None of the above-listed elements is met in the case at bar. Moreover, it is well-settled that neither a privately retained counsel nor a court-appointed public defender who performs a lawyer's traditional function as counsel to a defendant in a criminal proceeding could be deemed as acting under color of law. See Polk County v. Dodson, 454 U.S. 312, 325 (1981). Whether court-appointed or privately retained, a defense attorney represents only her client and not the state. See Johnson v. Kafrissen, 1995 U.S. Dist. LEXIS 8072, at *2 (E.D. Pa. June 5, 1995). The only exception lies if a defense counsel conspires with the prosecution. However, for a conspiracy claim, there must be evidence of (1) an actual violation of a right protected under § 1983, and (2) actions taken in concert by defendants with the specific intent to violate that right. See Williams v. Fedor, 69 F. Supp.2d 649, 665-66 (M.D.Pa.), aff'd, 211 F.3d 1263 (3d Cir. 2000) (citing Kerr v. Lyford, 171 F.3d 330, 340 (5th Cir. 1999)); see also Parkway Garage, Inc. v. City of Phila., 5 F.3d 685, 700 (3d Cir. 1993) (plaintiff must show that two or more conspirators reached an agreement to deprive him or her of a constitutional right under color of law); Kelley v. Myler, 149 F.3d 641, 648-49 (7th Cir. 1998) (an agreement or an understanding to deprive the plaintiff of constitutional rights must exist).

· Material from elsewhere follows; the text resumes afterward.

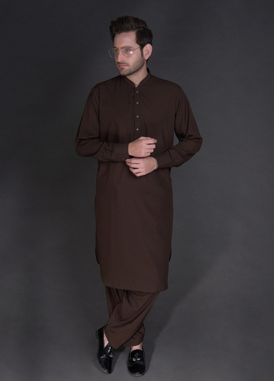Aizaz Zafar Wash N Wear Formal Kameez Shalwar for Men - D-685 Dark Brown

Even liberally construing Plaintiff's Complaint, this Court cannot find any indication that Defendant acted under color of law. Actions of Defendant cannot be fairly attributed to the State since Defendant is neither a state actor, nor acts in cooperation with a state actor, or performed conduct otherwise chargeable to the State. Thus, Plaintiff's allegations fail to meet the threshold "color of state law" requirement. Consequently, Plaintiff's Complaint fails to state a claim upon which relief may be granted.*fn4


For the above stated reasons, the Court grants Plaintiff's application to file the Complaint in forma paupeis without prepayment of the filing fee and dismisses the Complaint with prejudice.

An appropriate Order accompanies this Opinion.